With Sir Gerald monitoring her from afar, Modesty travels to Amsterdam, where she reunites with her former lover Paul Hagen, a Secret Service agent and aide to Sir Gerald. She calls upon her longtime partner, Willie Garvin, who is reuniting with an old flame, Nicole, who may have information on Gabriel through her employer, an illusionist associated with him. Modesty narrowly survives several attempts on her life by Gabriel’s assassins, whose failure leads to their swift execution by the ruthless Mrs. Fothergill. Modesty continually toys with Hagen, first seducing him before stealing his gun and disappearing.

When Gabriel learns that Nicole is working with Modesty and Willie, he orders her assassinated. The illusionist sends thugs to have her killed, and they succeed when Modesty and Willie fail to intervene in time. Modesty and Willie set themselves up as live bait to draw Gabriel out, but find themselves pursued by Tarrant and a jilted Hagen, being briefly arrested before quickly escaping with the help of some smoke bombs. When Modesty attempts to identify and infiltrate the boat being used by Gabriel for the planned diamond theft, she is lured into a trap and captured.

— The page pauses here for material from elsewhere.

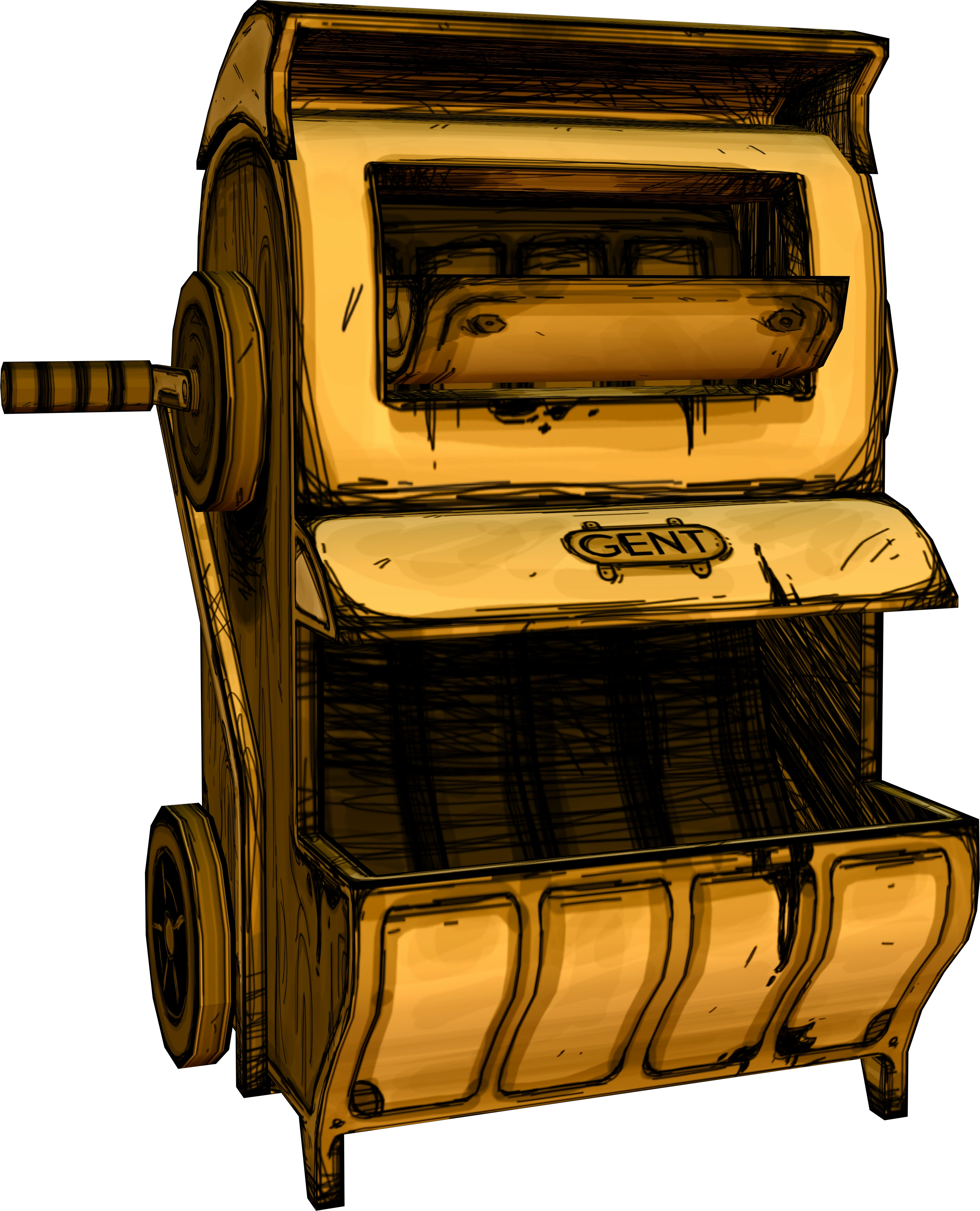 Этот аппарат похож на игровой автомат со слотом спереди, по бокам располагаются рычаг и колесо с символами. Преобразователь был создан компанией «Gent».

Gabriel reveals his true plan, to use Modesty as leverage to force Willie to steal the diamonds for him.

Willie reluctantly agrees to the arrangement, successfully stealing the diamonds from under Tarrant and Hagen’s noses. He and Modesty are subsequently taken to Gabriel’s island fortress, where they are promptly thrown into prison cells. Gabriel offers Modesty to join forces, but she refuses. Willie and Modesty manage to escape and kill Mrs. Fothergill, and signal their location to the Sheikh’s forces. The Sheikh leads his army to the island, leading to an all-out battle with Gabriel’s forces and ending in his capture and the diamonds reaching their intended owner.

In his desert camp, the Sheikh leaves Gabriel tied up outside to dehydrate. McWhirter suddenly appears in Highland dress to free his employer, though no one seems to notice or care. When the Sheikh asks Modesty what he can do for her, she asks for the diamonds. He responds by laughing boisterously and she seems to go along with it, but suddenly breaks the fourth wall by looking directly at the camera as the film ends in a freeze-frame shot.